On 2023-12-13 12:42 p.m., Ian Rogers wrote:
> On Wed, Dec 13, 2023 at 7:45 AM Liang, Kan <kan.liang@xxxxxxxxxxxxxxx> wrote:
>>
>>
>> On 2023-12-12 8:06 p.m., Namhyung Kim wrote:
>>> On Tue, Dec 12, 2023 at 2:12 PM Ian Rogers <irogers@xxxxxxxxxx> wrote:
>>>> On Tue, Dec 12, 2023 at 1:25 PM Liang, Kan <kan.liang@xxxxxxxxxxxxxxx> wrote:
>>>>>
>>>>>
>>>>> On 2023-12-12 3:37 p.m., Ian Rogers wrote:
>>>>>> On Tue, Dec 12, 2023 at 11:39 AM <kan.liang@xxxxxxxxxxxxxxx> wrote:
>>>>>>> From: Kan Liang <kan.liang@xxxxxxxxxxxxxxx>
>>>>>>>
>>>>>>> perf top errors out on a hybrid machine
>>>>>>> $perf top
>>>>>>>
>>>>>>> Error:
>>>>>>> The cycles:P event is not supported.
>>>>>>>
>>>>>>> The perf top expects that the "cycles" is collected on all CPUs in the
>>>>>>> system.
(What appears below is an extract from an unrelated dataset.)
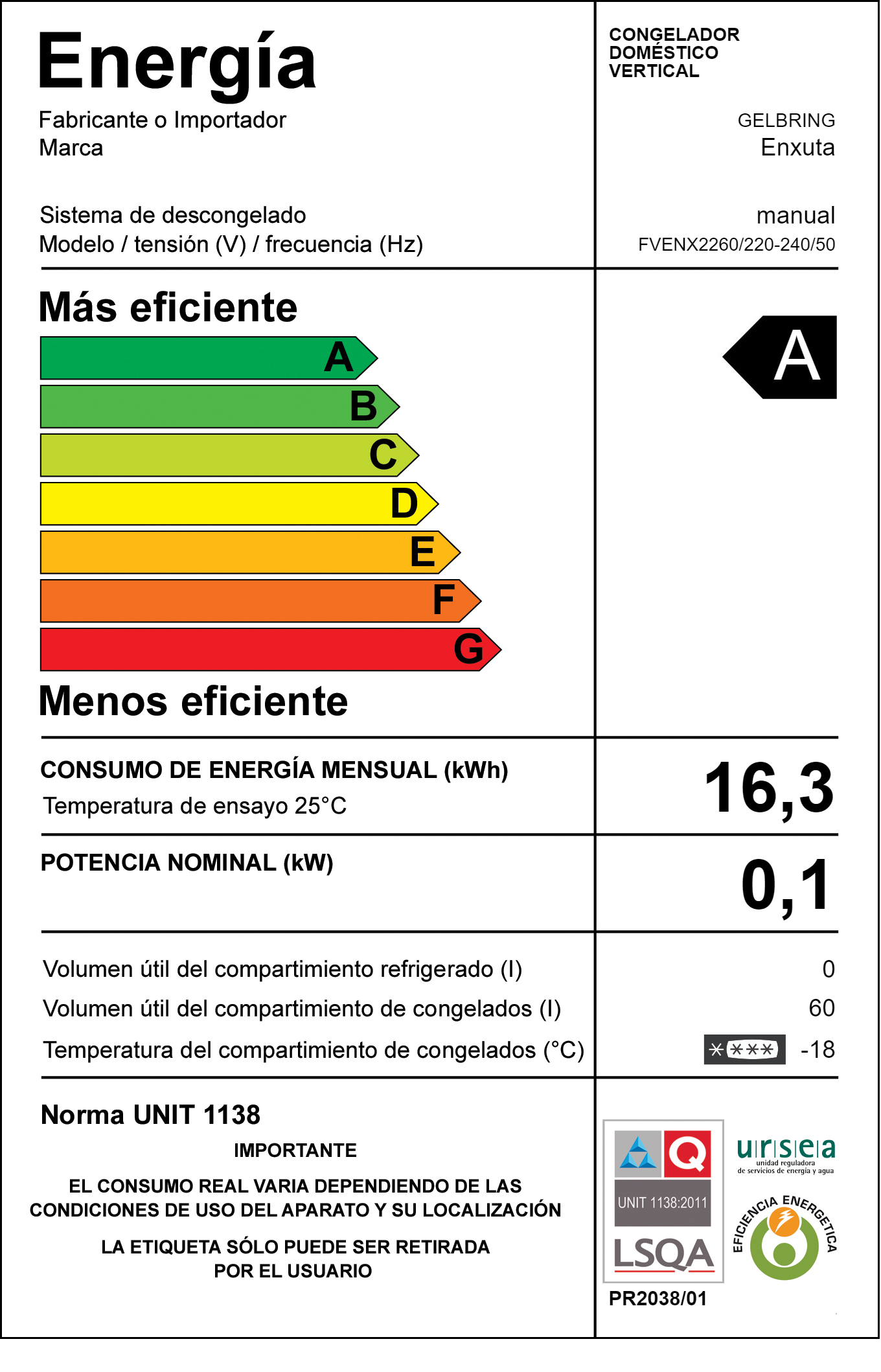 Freezer Vertical 60 Litros Blanco Frío Húmedo cantidad
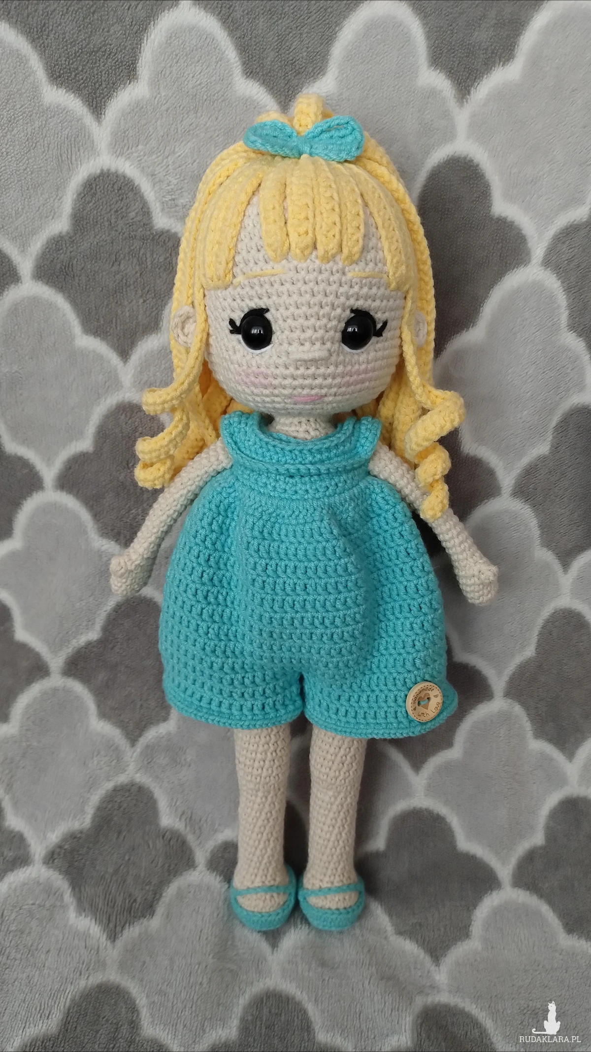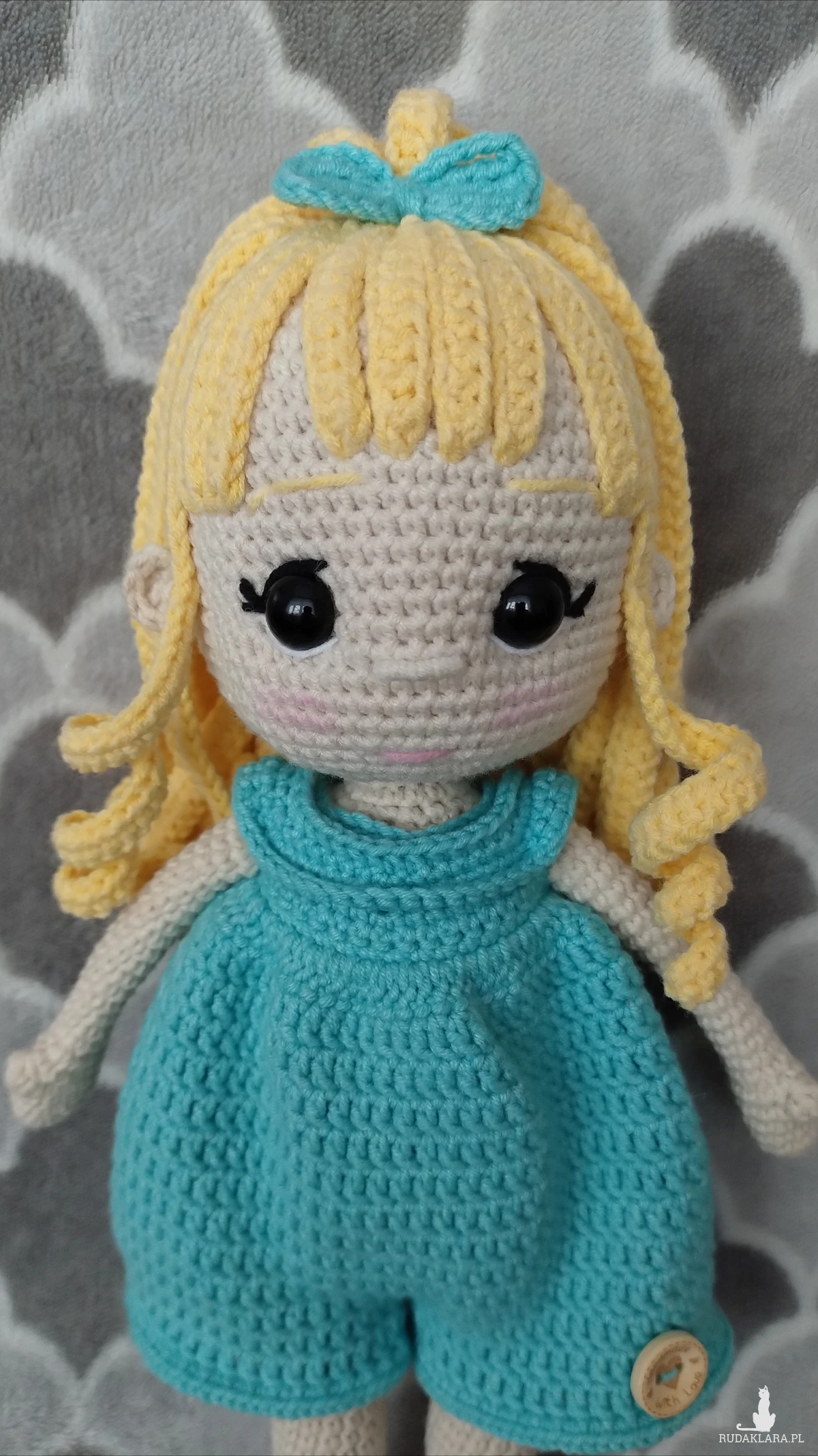 Lalka wykonana na szydełku z włóczki Yarn Art Jeans. Wysokość około 31 cm. Ubranka można zdejmować.

But for hybrid there is no single "cycles" event which can cover
>>>>>>> all CPUs. Perf has to split it into two cycles events, e.g.,
>>>>>>> cpu_core/cycles/ and cpu_atom/cycles/. Each event has its own CPU mask.
>>>>>>> If a event is opened on the unsupported CPU. The open fails. That's the
>>>>>>> reason of the above error out.
>>>>>>>
>>>>>>> Perf should only open the cycles event on the corresponding CPU. The
>>>>>>> commit ef91871c960e ("perf evlist: Propagate user CPU maps intersecting
>>>>>>> core PMU maps") intersect the requested CPU map with the CPU map of the
>>>>>>> PMU. Use the evsel's cpus to replace user_requested_cpus.
>>>>>>>
>>>>>>> The evlist's threads are also propagated to the evsel's threads in
>>>>>>> __perf_evlist__propagate_maps(). For a system-wide event, perf appends
>>>>>>> a dummy event and assign it to the evsel's threads. For a per-thread
>>>>>>> event, the evlist's thread_map is assigned to the evsel's threads. The
>>>>>>> same as the other tools, e.g., perf record, using the evsel's threads
>>>>>>> when opening an event.
>>>>>>>
>>>>>>> Reported-by: Arnaldo Carvalho de Melo <acme@xxxxxxxxxx>
>>>>>>> Closes: https://lore.kernel.org/linux-perf-users/ZXNnDrGKXbEELMXV@xxxxxxxxxx/
>>>>>>> Reviewed-by: Ian Rogers <irogers@xxxxxxxxxx>
>>>>>>> Signed-off-by: Kan Liang <kan.liang@xxxxxxxxxxxxxxx>
>>>>>>> ---
>>>>>>>
>>>>>>> Changes since V1:
>>>>>>> - Update the description
>>>>>>> - Add Reviewed-by from Ian
>>>>>> Thanks Kan, quick question. Does "perf top" on hybrid ask the user to
>>>>>> select between the cycles event on cpu_atom and cpu_core?
>>>>> Yes, but the event doesn't include the PMU information.
>>>>> We probably need a follow up patch to append the PMU name.
>>>>>
>>>>> Available samples
>>>>> 385 cycles:P
>>>>>
>>>>> 903 cycles:P
>>>> Thanks and agreed, it isn't possible to tell which is which PMU/CPU
>>>> type at the moment. I tried the patch with perf top --stdio, there
>>>> wasn't a choice of event
>> The perf top --stdio uses a dedicated display function, see
>> perf_top__header_snprintf() in util/top.c
>>
>> It only shows one event at a time. "E" is used to switch the event.
>>
>>>> and I can't tell what counter is being
>>>> displayed.
>> For the hybrid case, I think we may display both PMU name and event
>> name. For example,
>>
>> Available samples
>> 656 cycles:P cpu_atom
>>
>> 701 cycles:P cpu_core
> I think there would be more uniformity if we could do:
> cpu/cycles/P
> I'm just reminded of the stat output where sometimes you can get things like:
> cpu/cycles/
> or sometimes:
> cycles [cpu]
> It seems the slash style approach is the most uniform given it looks
> like what is written on the command line. Perhaps we need some kind of
> helper function to do this as reformatting the modifier is a pain.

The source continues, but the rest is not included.